On the other hand, given women’s physiological advantages and their dominance of the “smelly industries” worldwide, the very word “perfume” has feminine overtones to many Western male ears. It is reasonable to assume that “deodorant” has similar connotations for most Korean men. Yet looking at the popularity of kkotminam or “flower men” in Korea, challenging traditional notions of masculinity and spending more time and money on their appearance, deodorant manufacturers should be keen to tap into a whole new market.
Unfortunately the timing is bad: while “look at this strange side of the recession!”-type stories are in vogue at the moment, with everything from skirt lengths, alcohol and tobacco consumption, number of breast enlargement surgeries, lipstick sales, and even vasectomies variously being described as going up or down with the economy, experience from the financial crisis of 1997-98 suggests that sales of men’s cosmetics are about to drop. After four years of 10-20% growth from 1992, sales dropped 28.6% the next year, and ad spending by 37%.

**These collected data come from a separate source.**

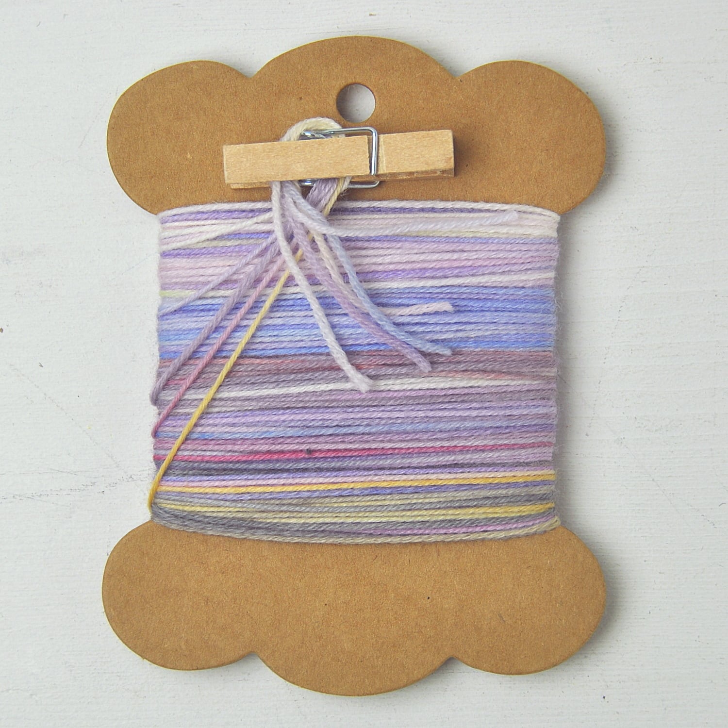 ●紙製スプールに巻いたメリノ紡績糸は全て多色のムラ染めです。5色セットになっており、各色2個は作れる分量です。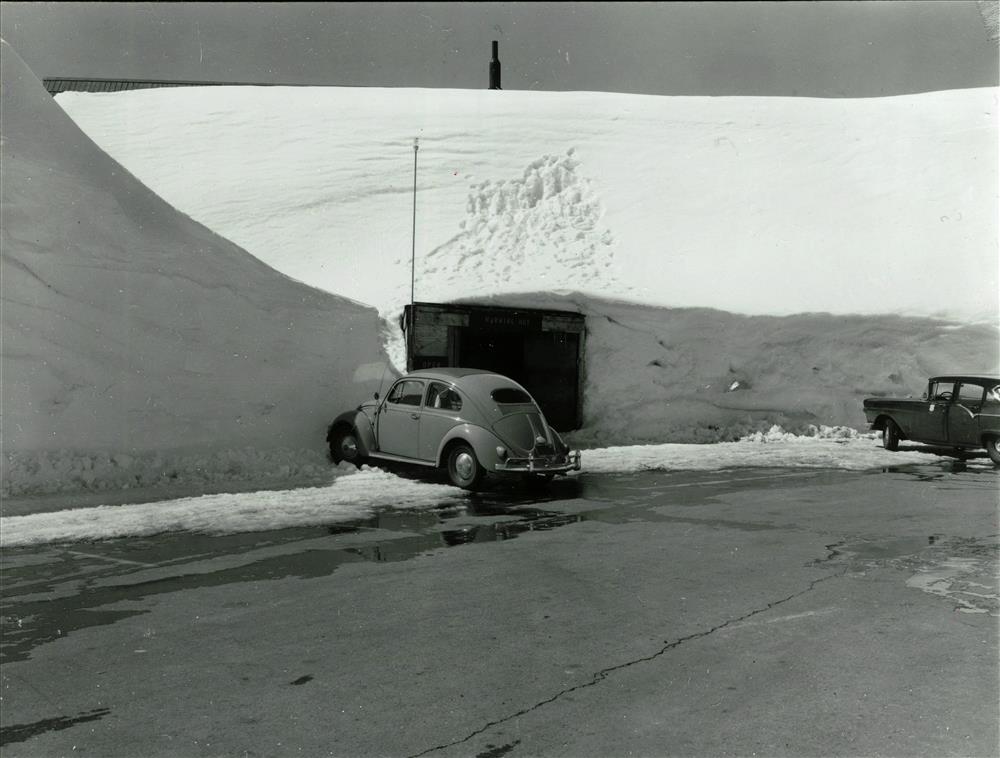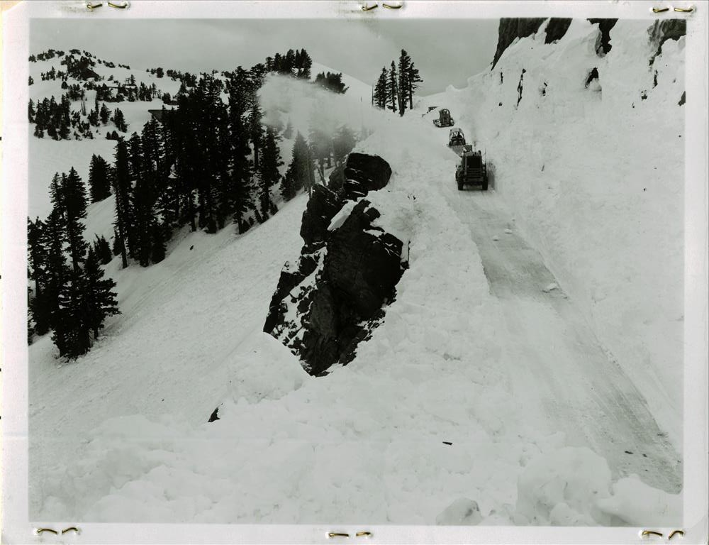 Snow removal, Spring. North Entrance Road. Spring Road opening near Watchman in Crater Lake NP, 1958 Rundell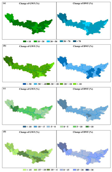Changes in the amount of GWF and BWF in the middle and upper Yarlung Zangbo River under different scenarios: (a) 30% increase in precipitation; (b) 30% decrease in precipitation; (c) 3 °C increase in temperature; (d) 3 °C decrease in temperature.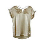 Polera Mangas Mujer Evoque Beige Dordado Tela Crepe Satinada M Lara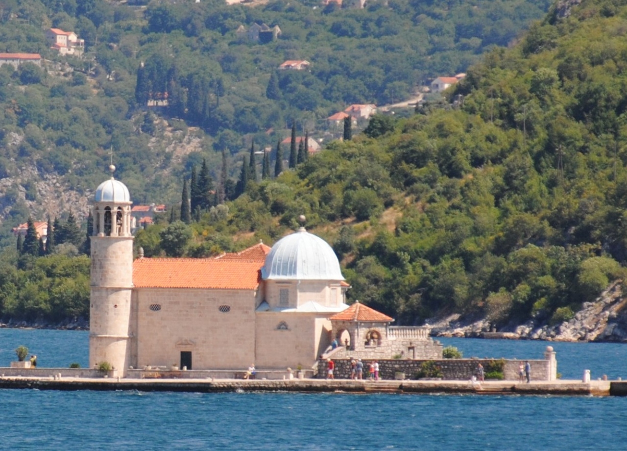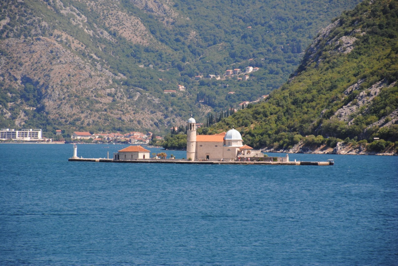 15世紀、漁船が岩礁にぶつかり大破。しかし漁師は一命をとりとめました。そのとき漁船の漁師はここで聖母のイコンを釣り上げており、感謝の意を込めその岩礁に岩石を積み船を沈め人口島をつくり、そのイコンを安置するための教会を建てました。

Those last figures come from p. 125 of “The Trend of Creating Atypical Male Images in Heterosexist Korean Society” by Lim In-Sook, Korea Journal, Vol. 4 No. 4 Winter 2008, pp. 115-146, available online here. They put paid to any side-notions I had that flower men ideals for men partially came from the need to stand out in the suddenly very competitive job market after the Asian Financial Crisis (which just goes to show that women’s changing tastes probably had more to do with it!), but given their relative popularity now then that may not be what happens to sales of men’s cosmetics during this latest recession though.
When (if) things pick up though, forget about those Korean deodorant advertisements for women that emphasize mother figures and friendships. Expect those for men to associate the right deodorant with sexual success.
Another recent study from the International Journal of Cosmetic Science has demonstrated that how a deodorant makes a man feel is much more important than any changes to his scent. Lest that sound like exaggeration, researchers found that women looking at men through one-way mirrors rated those wearing certain deodorants more attractive than others, due simply to the confident swagger the act of wearing the deodorant had given them!